Weighted summary statistics for all dependent and independent variables and controls are reported in Table 1, both for the overall sample and separately for whites, blacks, and Hispanics. Seventy-three percent of the weighted sample is white, 14 percent is black, and about 10 percent is Hispanic. In line with prior research, the socioeconomic covariates disaggregated by race and ethnicity show that blacks and Hispanics are more likely to be disadvantaged for all measures: compared with whites, higher shares of blacks and Hispanics have lower levels of education, fall into lower net worth quartiles, and spent more than their income in the prior year. Similarly, the economic precarity measures show that higher shares of whites are economically secure. Just 11 percent of whites are unemployed, compared with about 18 percent of both blacks and Hispanics. Fifty-six percent of blacks and 52 percent of Hispanics do not have access to emergency funds from friends and family, compared with just 28 percent of whites. Similarly, 42 percent of blacks and 44 percent of Hispanics report not knowing their incomes for the next year, compared with just 23 percent of whites.

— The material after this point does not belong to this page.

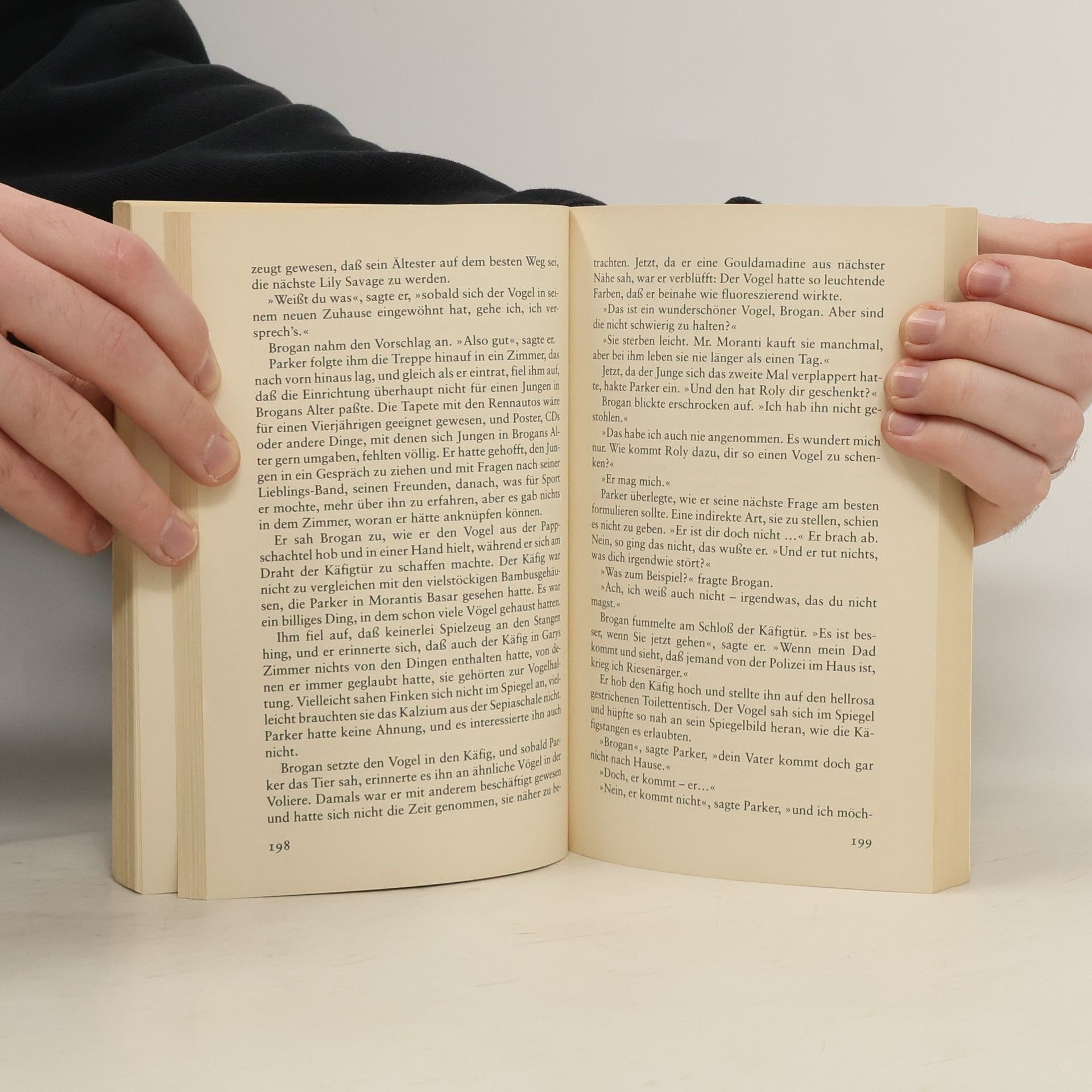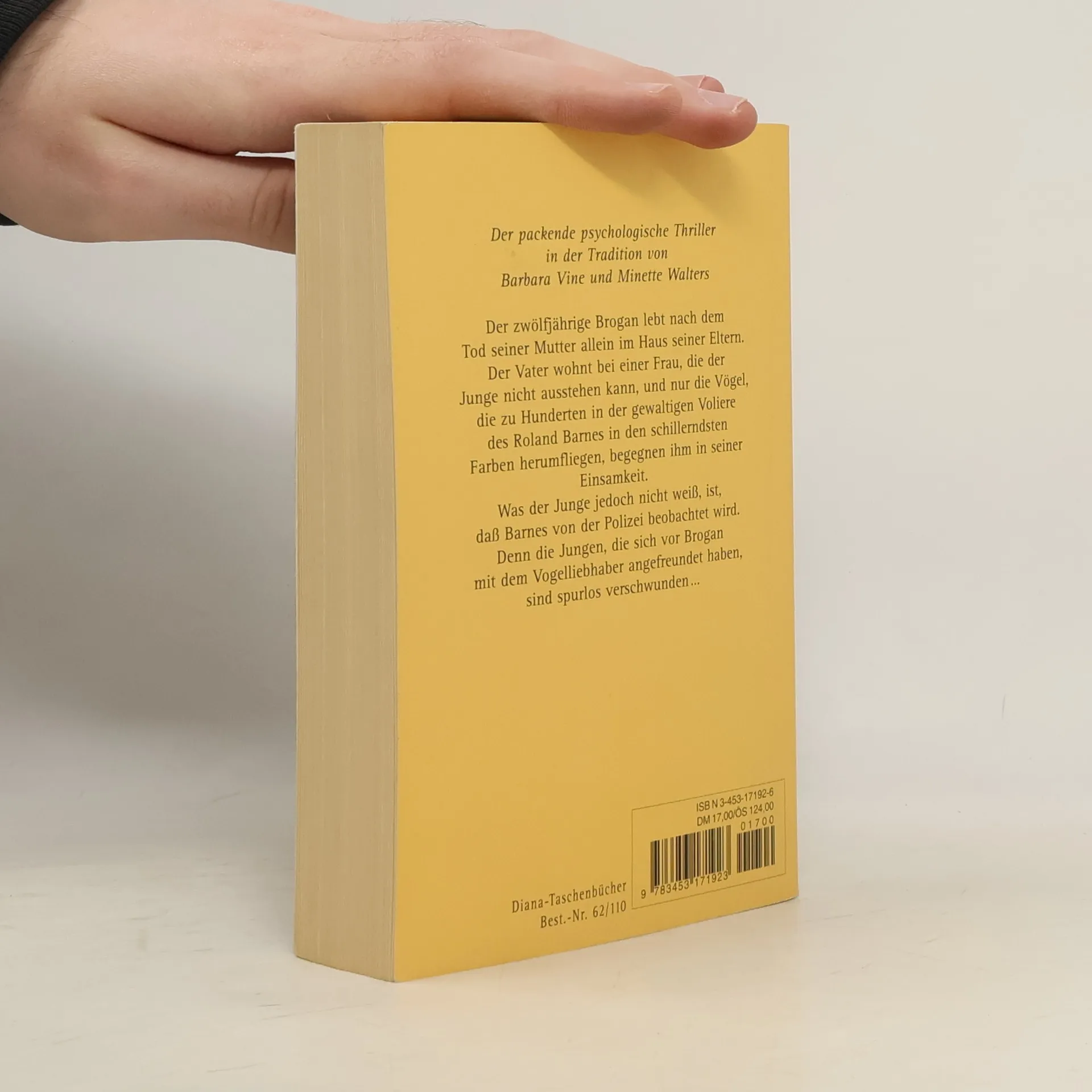Der zwölfjährige Brogan lebt nach dem Tod seiner Mutter allein, denn sein Vater ist zu einer anderen Frau gezogen. In seiner Einsamkeit freundet er sich mit Roland Barnes an, der hunderte von bunt schillernden, exotischen Finken besitzt. Doch Barnes wird von der Polizei beobachtet, denn alle Jungen, die sich mit ihm angefreundet haben, sind spurlos verschwunden. „Spannungs-Meisterin Minette Walters hat endlich Konkurrenz bekommen!“ FREUNDIN

Summary Statistics for All Variables.
Note: Data are are expressed as proportions or as mean (standard deviation). Variables range from 0 to 1, with the exception of age, which ranges from 18 to 95 years and number of dependents, which ranges from 0 to 12. The race category “other” is not shown separately (n = 1,298). Estimates are weighted.
The descriptive statistics support a closer look at racial/ethnic variation in expectations: just 37 percent of white respondents expect the economy to improve, while more than 48 percent of black respondents and 46 percent of Hispanic respondents have positive expectations about the national economy. A similar breakdown is true for personal expectations, though shares of positive expectations are lower overall: 19 percent of whites, 26 percent of blacks, and 25 percent of Hispanics expect their real incomes to improve.
Analytic Strategy
I estimate a series of unweighted logistic regression models pooling data across all years to examine the relationship between race/ethnicity and expectations. The first set of models assesses the race-expectations association adjusting for demographic covariates and survey year. The second adds socioeconomic covariates to determine whether socioeconomic status may account for any racial/ethnic differences in expectations. A third model includes the economic precarity measures. Finally, I present a fourth model that is fully interacted by race and ethnicity. To allow comparison across models, all table results are reported as average marginal effects, and figures present predicted probabilities (Mood 2010).
Results
Expectations about the National Economy
Table 2 reports the average marginal effects for the likelihood of reporting positive outlooks for national expectations.
Average Marginal Effects for Logistic Regressions Predicting Positive National Expectations.
Note: Estimates are unweighted. AME = average marginal effect.
p < .05. **p < .01. ***p < .001.
The predicted probabilities of having positive expectations for the national economy vary significantly by race in model 1, which shows the associations net of demographic and survey year controls. The differences are striking: black Americans are about 11 percentage points more likely to report positive national expectations than whites (p < .001), and Hispanics are about seven percentage points more likely (p < .001). The difference between blacks and Hispanics is also statistically significant (p < .001), with blacks the most likely to have positive expectations of the three groups. This initial model supports hypothesis 1 and shows that blacks and Hispanics are both more likely to have optimistic outlooks relative to whites.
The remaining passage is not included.